● Exercise description
A stretch of the entries below is to be set down exactly, running from the line with "9,000원/월벤처기업확인과 관련된 신청절차, 구비서류, 확인기관" through the line with "靴下 ソックス 5足セット", both included, and no other line.

● Records for the task
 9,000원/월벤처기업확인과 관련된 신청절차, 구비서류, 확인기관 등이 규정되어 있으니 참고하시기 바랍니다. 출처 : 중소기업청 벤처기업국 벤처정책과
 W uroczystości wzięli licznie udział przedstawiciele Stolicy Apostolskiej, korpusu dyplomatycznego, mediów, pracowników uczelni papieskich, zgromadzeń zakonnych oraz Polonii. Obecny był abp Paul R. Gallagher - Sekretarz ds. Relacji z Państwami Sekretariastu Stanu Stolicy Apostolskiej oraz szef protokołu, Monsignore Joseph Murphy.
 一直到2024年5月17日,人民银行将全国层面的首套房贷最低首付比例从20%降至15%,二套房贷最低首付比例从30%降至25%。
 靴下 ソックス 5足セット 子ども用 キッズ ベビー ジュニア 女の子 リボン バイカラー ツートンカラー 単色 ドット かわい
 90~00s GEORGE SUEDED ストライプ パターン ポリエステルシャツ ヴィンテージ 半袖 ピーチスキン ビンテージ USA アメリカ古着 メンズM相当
==
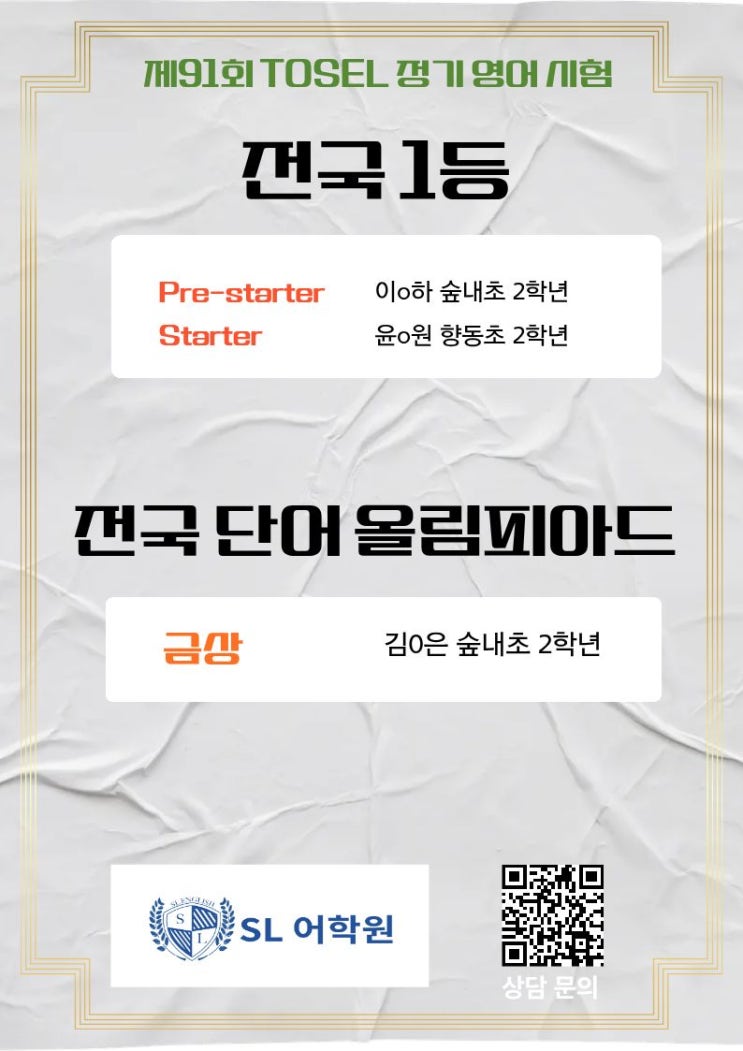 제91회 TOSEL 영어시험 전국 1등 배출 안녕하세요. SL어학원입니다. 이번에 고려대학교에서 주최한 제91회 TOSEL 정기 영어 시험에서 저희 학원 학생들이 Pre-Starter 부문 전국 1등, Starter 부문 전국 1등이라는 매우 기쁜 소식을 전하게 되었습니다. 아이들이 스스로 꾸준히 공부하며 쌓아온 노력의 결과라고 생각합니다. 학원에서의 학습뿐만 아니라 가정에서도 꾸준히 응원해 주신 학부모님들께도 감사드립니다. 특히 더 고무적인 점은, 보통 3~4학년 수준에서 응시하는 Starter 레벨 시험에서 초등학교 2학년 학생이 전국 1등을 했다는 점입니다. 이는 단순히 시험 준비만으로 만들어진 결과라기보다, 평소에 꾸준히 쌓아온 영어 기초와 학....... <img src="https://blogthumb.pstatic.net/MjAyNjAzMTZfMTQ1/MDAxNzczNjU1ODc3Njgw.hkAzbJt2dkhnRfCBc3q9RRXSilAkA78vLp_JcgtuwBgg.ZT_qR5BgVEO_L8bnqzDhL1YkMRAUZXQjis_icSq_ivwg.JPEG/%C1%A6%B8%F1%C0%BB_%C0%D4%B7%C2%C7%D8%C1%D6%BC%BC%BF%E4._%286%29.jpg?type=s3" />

● Output for this task
 9,000원/월벤처기업확인과 관련된 신청절차, 구비서류, 확인기관 등이 규정되어 있으니 참고하시기 바랍니다. 출처 : 중소기업청 벤처기업국 벤처정책과
 W uroczystości wzięli licznie udział przedstawiciele Stolicy Apostolskiej, korpusu dyplomatycznego, mediów, pracowników uczelni papieskich, zgromadzeń zakonnych oraz Polonii. Obecny był abp Paul R. Gallagher - Sekretarz ds. Relacji z Państwami Sekretariastu Stanu Stolicy Apostolskiej oraz szef protokołu, Monsignore Joseph Murphy.
 一直到2024年5月17日,人民银行将全国层面的首套房贷最低首付比例从20%降至15%,二套房贷最低首付比例从30%降至25%。
 靴下 ソックス 5足セット 子ども用 キッズ ベビー ジュニア 女の子 リボン バイカラー ツートンカラー 単色 ドット かわい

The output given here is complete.